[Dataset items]
┌────────
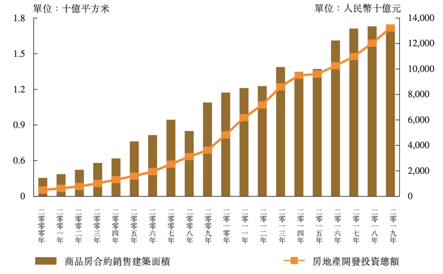 根据中指院资料,受经济高速发展、货币政策偏向宽松以及强劲需求的驱动,中国住宅房地产市场于过往20年经历了高速发展。2019年,商品房的合约销售建筑面积达到17亿平方米,为2009年的9.2倍,复合年增长率为7.5%。
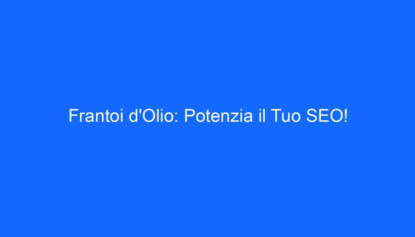 La Magia di SEO per Frantoi: Un’Analisi Profonda
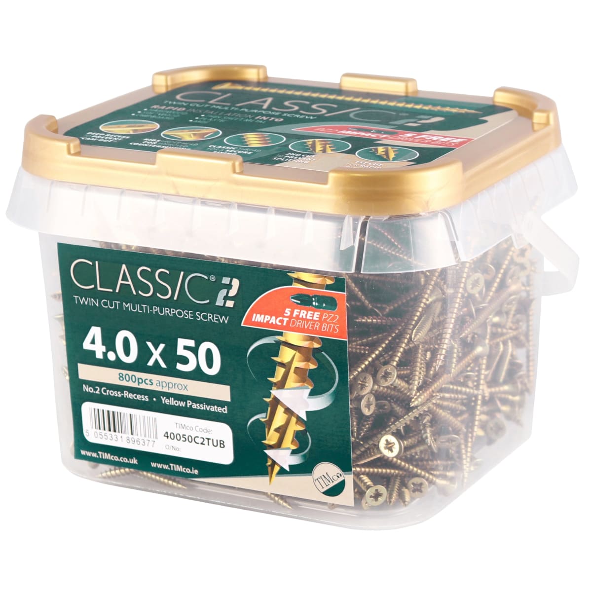 TIMCO Classic C2 Screw 50 x 4mm (L x Dia) Box of 800 is zinc yellow passivated with a multi-purpose cross recess. It has a 25 degree sharp point and is a fully threaded screw for ease of installation. This screw is manufactured from steel and suitable for use with wood, plasterboard and sheet materials. Re-engineered using the most modern manufacturing methods and design techniques, the C2 is a revolutionary high performance multi-purpose screw.
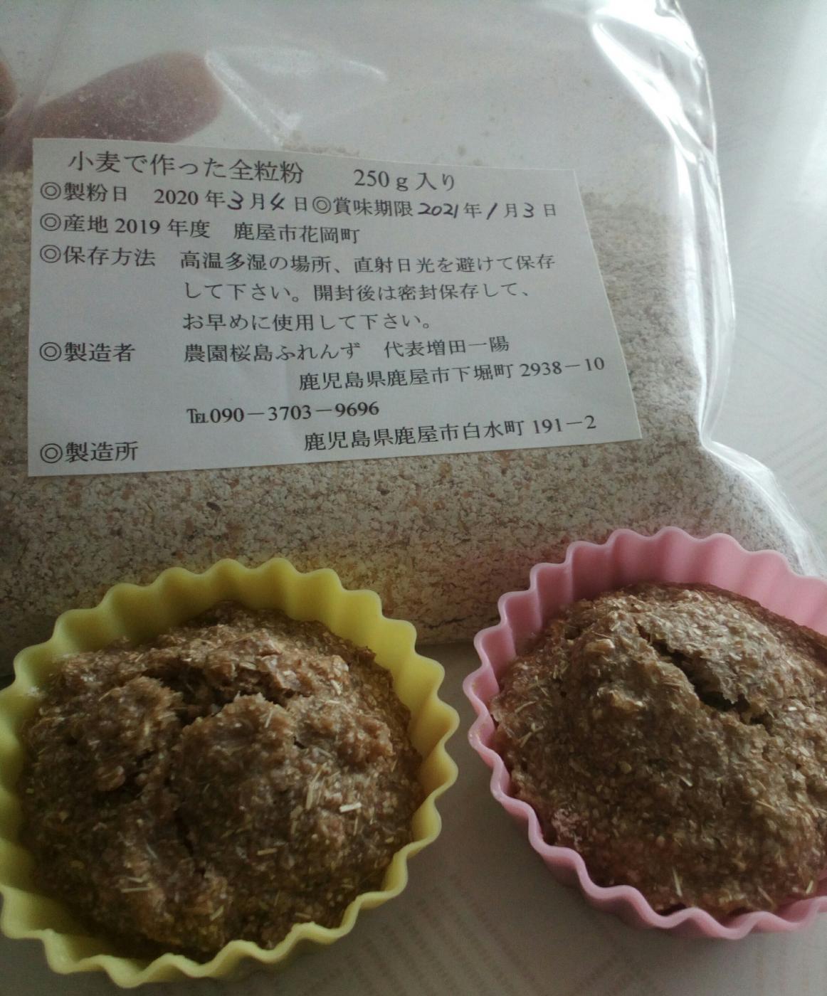 桜島ふれんずの全粒粉? どどんと250g届きました✨ こちらは桜島の大自然の恵みで育った、無農薬無肥...
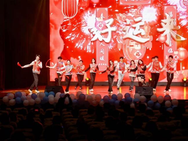 圆梦篇温情与活力并存,2025级化学类4班与6班携手带来的《钻石之舞·疯狂奇遇记》,用炸裂节拍诠释青春锋芒,解锁精彩未来的美好起点;魔术《元素戏法秀》凭借巧妙构思带来一连串惊喜瞬间,让观众沉浸在奇妙氛围中;《“锌”足迹》以真实故事串联成长历程,诉说逐梦路上的坚守与感动;辅导员与荣誉班导师代表演绎的《童年放映机》,还原纯粹童年记忆,拉近师生距离;齐舞《春风拂面好运来》则以明快旋律传递满满祝福,为晚会增添喜庆氛围。
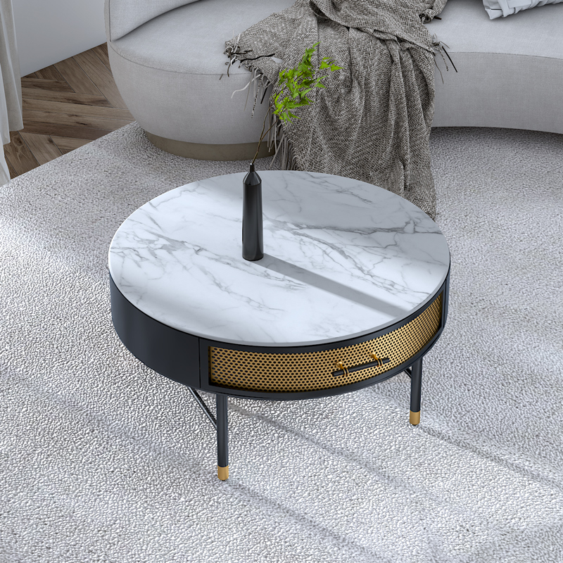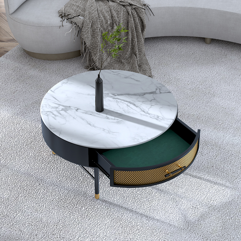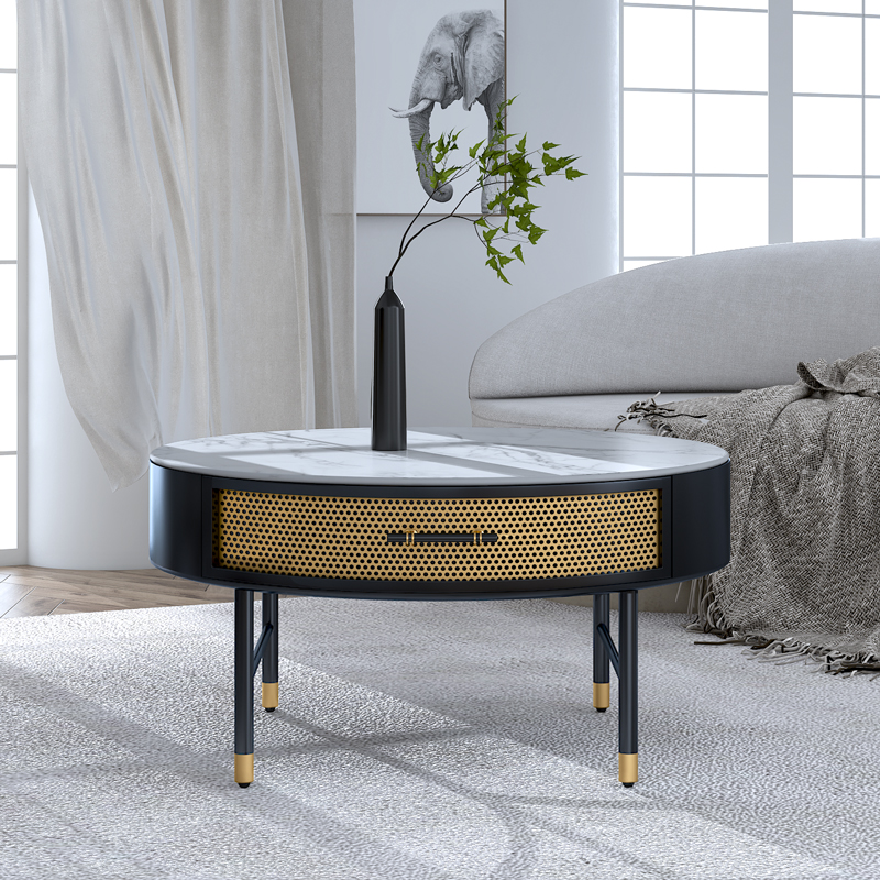 Slate coffee table small apartment simple modern Nordic style marble light luxury high-end round coffee table table living room home - Taobao
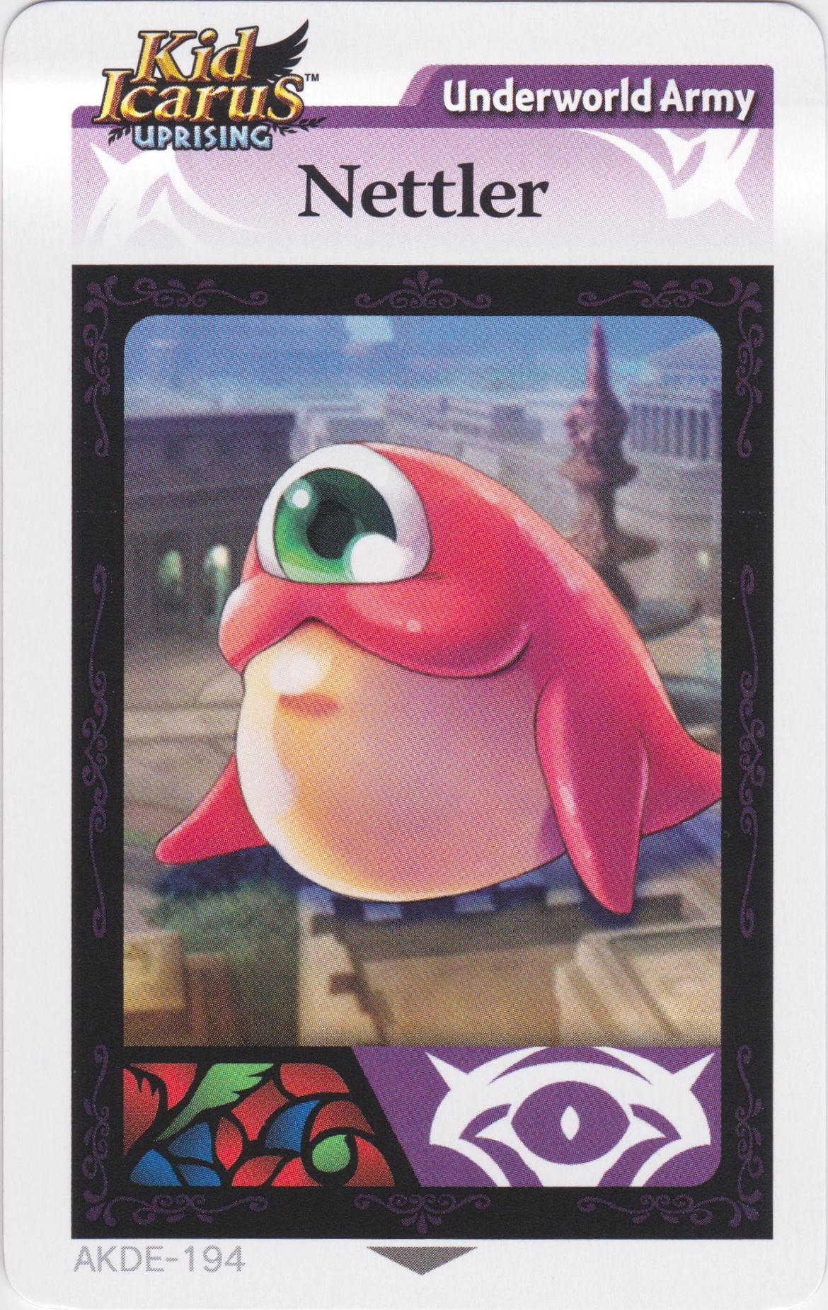 Nettler is an AR Card that was available in the first series of Kid Icarus: Uprising Booster Packs. By scanning the card to a copy of Uprising, the player will receive an Idol of the Nettler, as well as 100 Hearts.
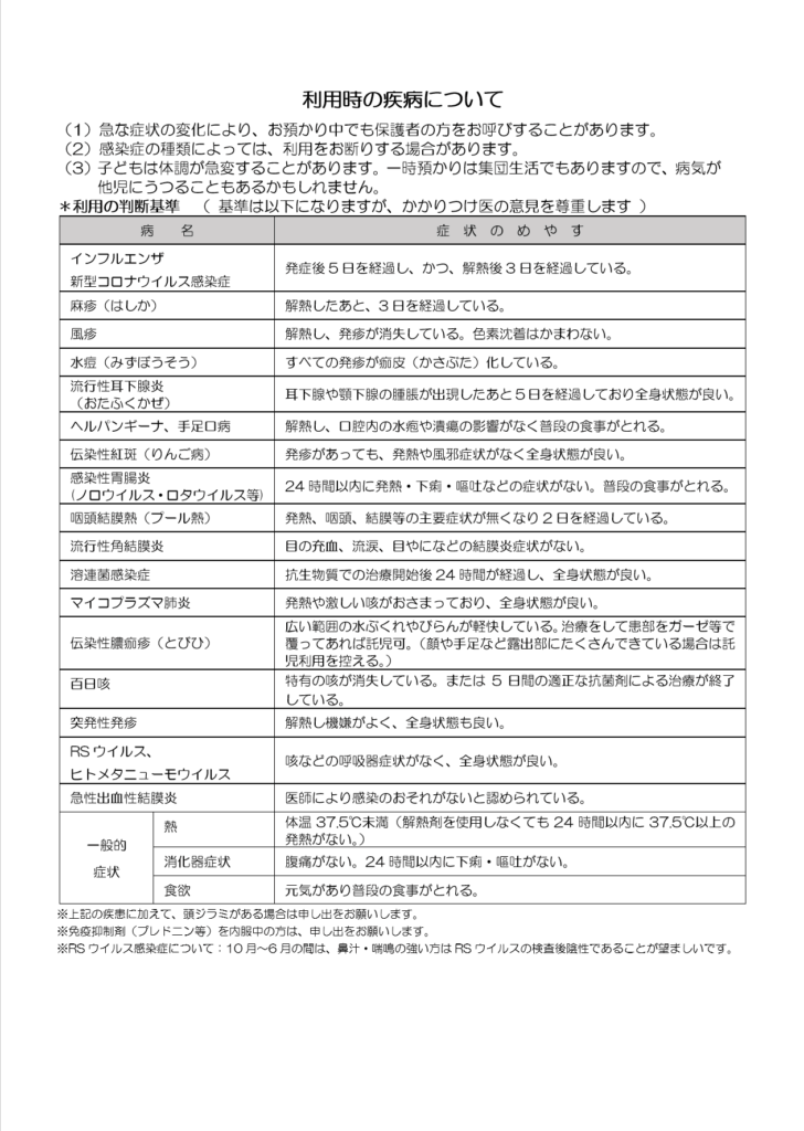 🟨共通事項 🐣持ち物や疾病について🐣
└────────
- **WHAT YOU WILL DO**
All lines from the one containing "La Magia di" to the last line of the records above, both included, need to be repeated word for word; omit the pictures.

- **ANSWER AREA**
 La Magia di SEO per Frantoi: Un’Analisi Profonda
 TIMCO Classic C2 Screw 50 x 4mm (L x Dia) Box of 800 is zinc yellow passivated with a multi-purpose cross recess. It has a 25 degree sharp point and is a fully threaded screw for ease of installation. This screw is manufactured from steel and suitable for use with wood, plasterboard and sheet materials. Re-engineered using the most modern manufacturing methods and design techniques, the C2 is a revolutionary high performance multi-purpose screw.
 桜島ふれんずの全粒粉? どどんと250g届きました✨ こちらは桜島の大自然の恵みで育った、無農薬無肥...
 圆梦篇温情与活力并存,2025级化学类4班与6班携手带来的《钻石之舞·疯狂奇遇记》,用炸裂节拍诠释青春锋芒,解锁精彩未来的美好起点;魔术《元素戏法秀》凭借巧妙构思带来一连串惊喜瞬间,让观众沉浸在奇妙氛围中;《“锌”足迹》以真实故事串联成长历程,诉说逐梦路上的坚守与感动;辅导员与荣誉班导师代表演绎的《童年放映机》,还原纯粹童年记忆,拉近师生距离;齐舞《春风拂面好运来》则以明快旋律传递满满祝福,为晚会增添喜庆氛围。
 Slate coffee table small apartment simple modern Nordic style marble light luxury high-end round coffee table table living room home - Taobao
 Nettler is an AR Card that was available in the first series of Kid Icarus: Uprising Booster Packs. By scanning the card to a copy of Uprising, the player will receive an Idol of the Nettler, as well as 100 Hearts.
 🟨共通事項 🐣持ち物や疾病について🐣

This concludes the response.